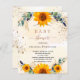 Un arrière - plan blanc et doré décoré de tournesols, de verdure d'eucalyptus et de feuilles dorés et de poussière de parties scintillant en faux or. Personnalisez et ajoutez un nom et des détails du parti.
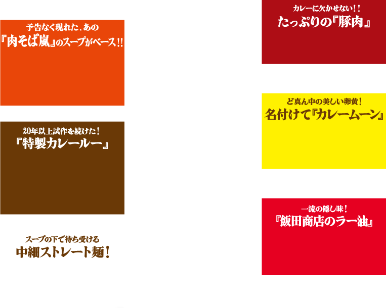 今回のスープは、実は2022年5月に発売された“肉そば嵐”のスープがベース。特製カレールーとの相性も抜群で、シンプルな中にも複雑な味わいが楽しめる。まさに最高のコンビネーション!!
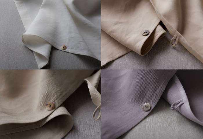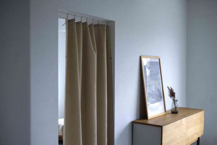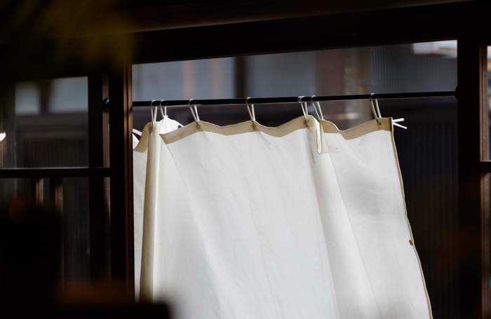 カーテンの製造過程で1日に出る廃棄生地は、全国で約3.4万t。それを解消するために生まれた『kami』を取り扱うブランド「KURASIKU(クラシク)」は、カーテンにプラスチックフックがなく生地に8つの穴をあけ布紐を通して掛けるスタイル(特許第6352496号)。ヒダやタッセルもないため、廃棄生地がほとんど出ない製造方法で作られています。
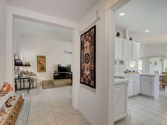This lovely, airy & spacious residence situated towards the end of a quiet cul de sac street in sought-after Riverwalk Community features 3 bdrm/2 bthrm has been exceptionally maintained & is in Pristine Condition. Enjoy a morning cup of coffee under the covered patio or watch the Florida sunset over the lake. This unique residential community offers a beautiful waterfront Town Center where you can grab lunch or dinner at the on-site ''Centanni'' Italian restaurant. Feeling active; you can enjoy tennis and pickle ball on the eight Har-tru lighted courts with on-site tennis instructor or workout in the fitness center. Relax or take a swim in one of the three heated pools, fish from one of the many picturesque bridges. Is competition more your liking, play ping pong, pool or bocce. There are 12 miles of scenic pedestrian pathways, take a bike ride or a leisurely walk. If that's not enough there's yoga, mahjong, bridge, foreign language classes, crafts, aqua aerobics and so much more! Resort living without exorbitant country club fees! Welcome Home!
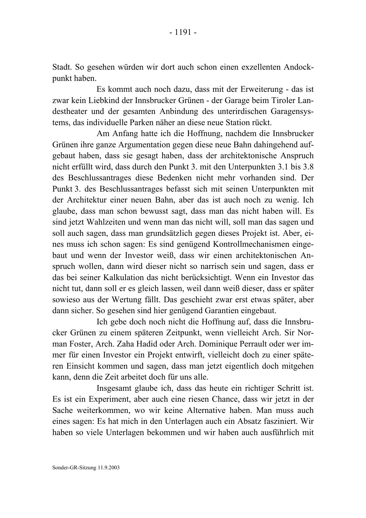 Ich gebe doch noch nicht die Hoffnung auf, dass die Innsbrucker Grünen zu einem späteren Zeitpunkt, wenn vielleicht Arch. Sir Norman Foster, Arch. Zaha Hadid oder Arch. Dominique Perrault oder wer immer für einen Investor ein Projekt entwirft, vielleicht doch zu einer späteren Einsicht kommen und sagen, dass man jetzt eigentlich doch mitgehen
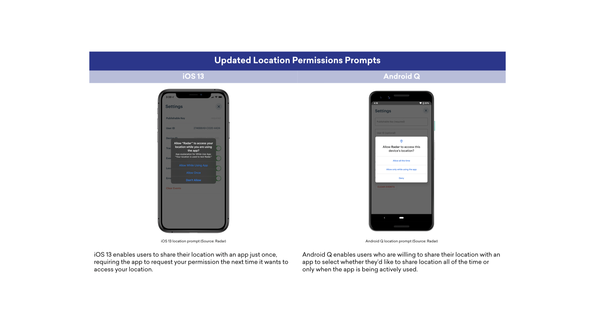 For Apple customers, iOS 13 brings the option to share location “just once”, meaning that any time an app looks to track your location again, they will have to regain your explicit permission/consent. Android Q has also put an emphasis on location permissions for all apps interested in using your location will show a prompt asking whether you’d like to share location at all times, only while using the app, or never. Android users can also “audit which apps have what access to [their] location” by navigating to Settings and then Location.

• • •

Without the pictures, repeat the entries above line by line, from the first through the one that contains "カーテンの製造過程で1日に出", both ends included.

Completed task
 Un arrière - plan blanc et doré décoré de tournesols, de verdure d'eucalyptus et de feuilles dorés et de poussière de parties scintillant en faux or. Personnalisez et ajoutez un nom et des détails du parti.
 今回のスープは、実は2022年5月に発売された“肉そば嵐”のスープがベース。特製カレールーとの相性も抜群で、シンプルな中にも複雑な味わいが楽しめる。まさに最高のコンビネーション!!
 カーテンの製造過程で1日に出る廃棄生地は、全国で約3.4万t。それを解消するために生まれた『kami』を取り扱うブランド「KURASIKU(クラシク)」は、カーテンにプラスチックフックがなく生地に8つの穴をあけ布紐を通して掛けるスタイル(特許第6352496号)。ヒダやタッセルもないため、廃棄生地がほとんど出ない製造方法で作られています。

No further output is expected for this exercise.